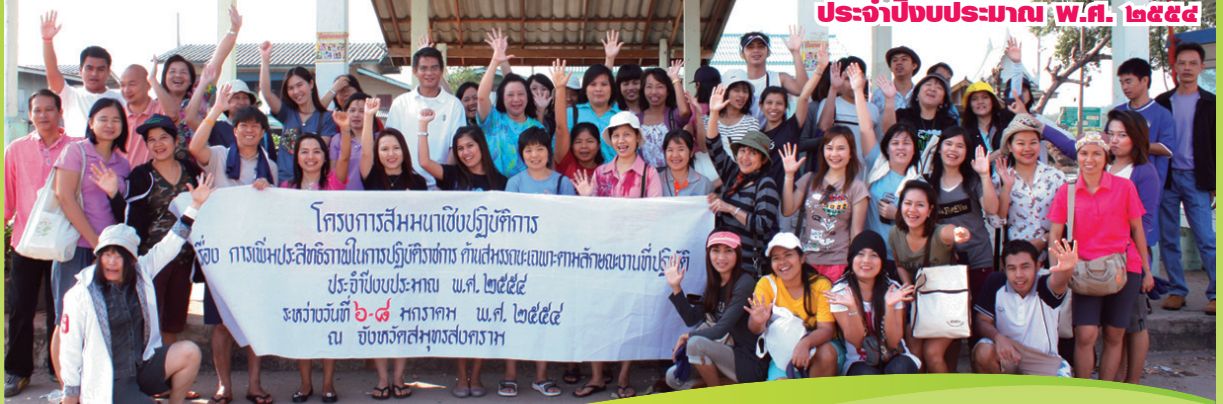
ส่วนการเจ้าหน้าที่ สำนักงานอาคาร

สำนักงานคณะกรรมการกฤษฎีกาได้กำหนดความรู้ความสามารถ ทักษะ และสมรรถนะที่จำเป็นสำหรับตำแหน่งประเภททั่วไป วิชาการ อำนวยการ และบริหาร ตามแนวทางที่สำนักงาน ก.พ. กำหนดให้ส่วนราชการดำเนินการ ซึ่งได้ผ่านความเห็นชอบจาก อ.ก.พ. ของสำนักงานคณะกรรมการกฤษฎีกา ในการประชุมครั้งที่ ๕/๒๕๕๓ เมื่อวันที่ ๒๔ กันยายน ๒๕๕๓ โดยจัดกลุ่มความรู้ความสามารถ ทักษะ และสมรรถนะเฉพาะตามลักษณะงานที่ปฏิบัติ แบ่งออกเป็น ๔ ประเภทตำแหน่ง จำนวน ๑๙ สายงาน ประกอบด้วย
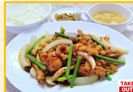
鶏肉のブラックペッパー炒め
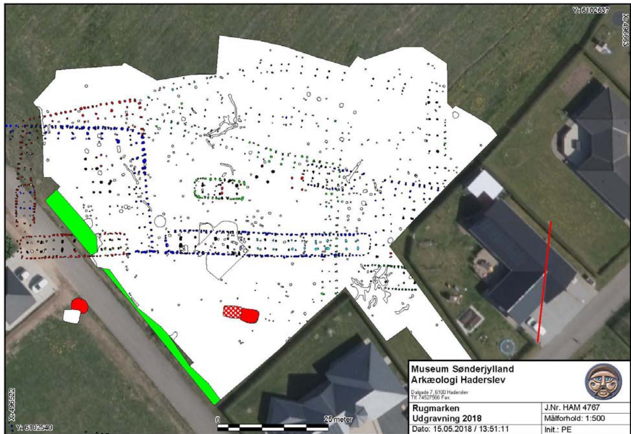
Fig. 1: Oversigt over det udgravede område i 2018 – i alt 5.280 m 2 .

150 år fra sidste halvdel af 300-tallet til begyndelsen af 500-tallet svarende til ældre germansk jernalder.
——————
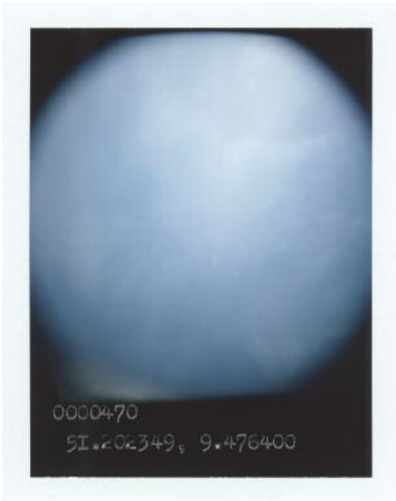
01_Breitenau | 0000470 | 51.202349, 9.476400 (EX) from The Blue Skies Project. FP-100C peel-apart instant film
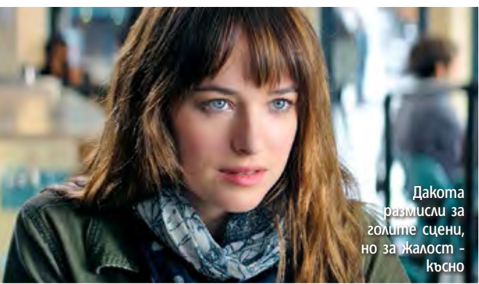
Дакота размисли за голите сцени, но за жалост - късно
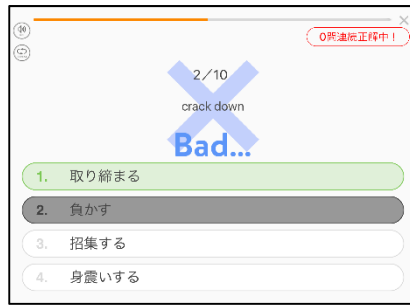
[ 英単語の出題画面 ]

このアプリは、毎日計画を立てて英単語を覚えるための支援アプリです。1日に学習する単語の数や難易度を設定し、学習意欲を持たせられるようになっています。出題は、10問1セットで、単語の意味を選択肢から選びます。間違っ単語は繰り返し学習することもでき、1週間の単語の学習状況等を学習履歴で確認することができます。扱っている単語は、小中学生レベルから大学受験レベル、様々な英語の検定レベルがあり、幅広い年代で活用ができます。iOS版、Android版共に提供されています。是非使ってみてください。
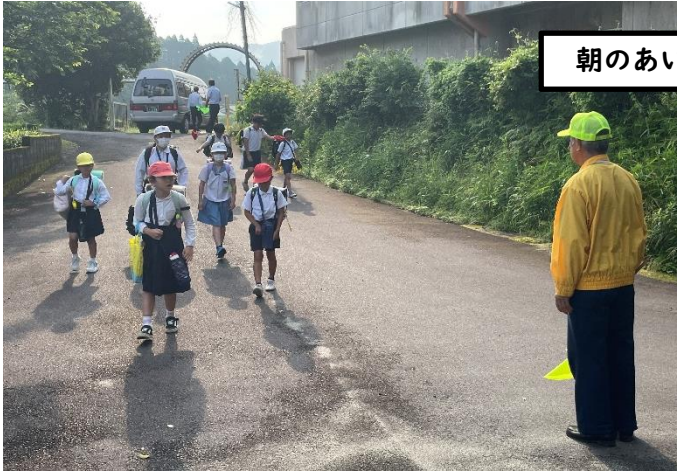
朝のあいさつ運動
——————
Exercise details »
Your answer is the exact run of lines above from the one with "01_Breitenau | 0000470" through the one with "[ 英単語の出題画面 ]", both ends included, minus any picture.

Problem solution »
01_Breitenau | 0000470 | 51.202349, 9.476400 (EX) from The Blue Skies Project. FP-100C peel-apart instant film
Дакота размисли за голите сцени, но за жалост - късно
[ 英単語の出題画面 ]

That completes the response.